If you work on modern device with a fast internet connection, you might not notice. But not everyone does.

This morning, Katie Sylor-Miller, author of the amazing Oh Shit, Git!?!, tweeted

This past weekend, I had an experience that really reinforced why Web Performance is so vitally important. We were on vacation in a remote part of coastal Maine. There was limited 3G service, no TV (my kids hated that part), and very slow broadband with limited range wifi … However, when the power briefly went out, the annoyance became a major problem! I couldn’t look up the power company phone number, or go online to report the outage b/c sites loaded so slowly. Luckily the neighbor took care of it, but if they hadn’t been there, we were stuck.

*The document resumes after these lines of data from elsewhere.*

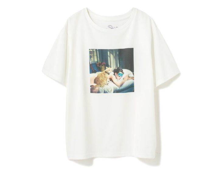 映画『ティファニーで朝食を』の名シーンをプリントしたTシャツは白2柄と黒1柄の3種展開。¥5,489(オードリー・ヘプバーンコレクション バイ ロペピクニック/ロペピクニック TEL:0120・298・133)
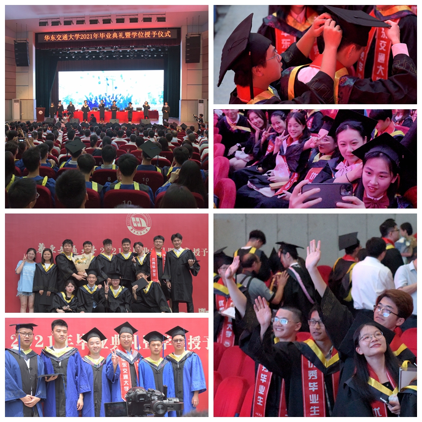 拨穗礼成,全场合唱校歌《奋进,华东交大》,巨幅校旗在毕业生手中缓缓传递。现场领导和老师全体起立,目送毕业生挥手告别,奔赴前程。
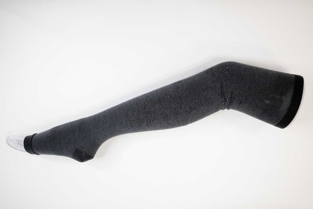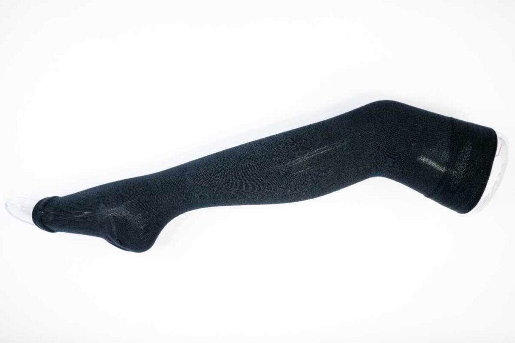 足首からふくらはぎまでをサポート。履きやすく持ち運びもしやすいので、仕事中や外出時など日常使いに向いています。むくみが気になりやすいふくらはぎを集中的にケアしたい人におすすめです。 - 太ももまでのロングタイプ(サイハイ丈)
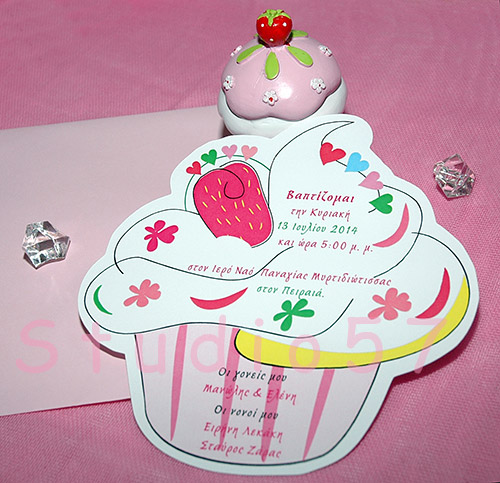 Προσκλητήριο βάπτισης Cupcake. Κωδ. ΒK413

This is not the first story of its kind that I’ve read.

When a hurricane slammed into New Orleans in the US last week, I saw at least one tweet about how the electric company’s website kept crashing that person’s device because of how much JavaScript it was loading. Several years back, I read an article that said more or less the same thing (for the life of me I can’t find it even though I know I wrote about at the time.)

If you actually care about your users, use as little JavaScript as possible, and make sure the critical parts of your site work without if possible.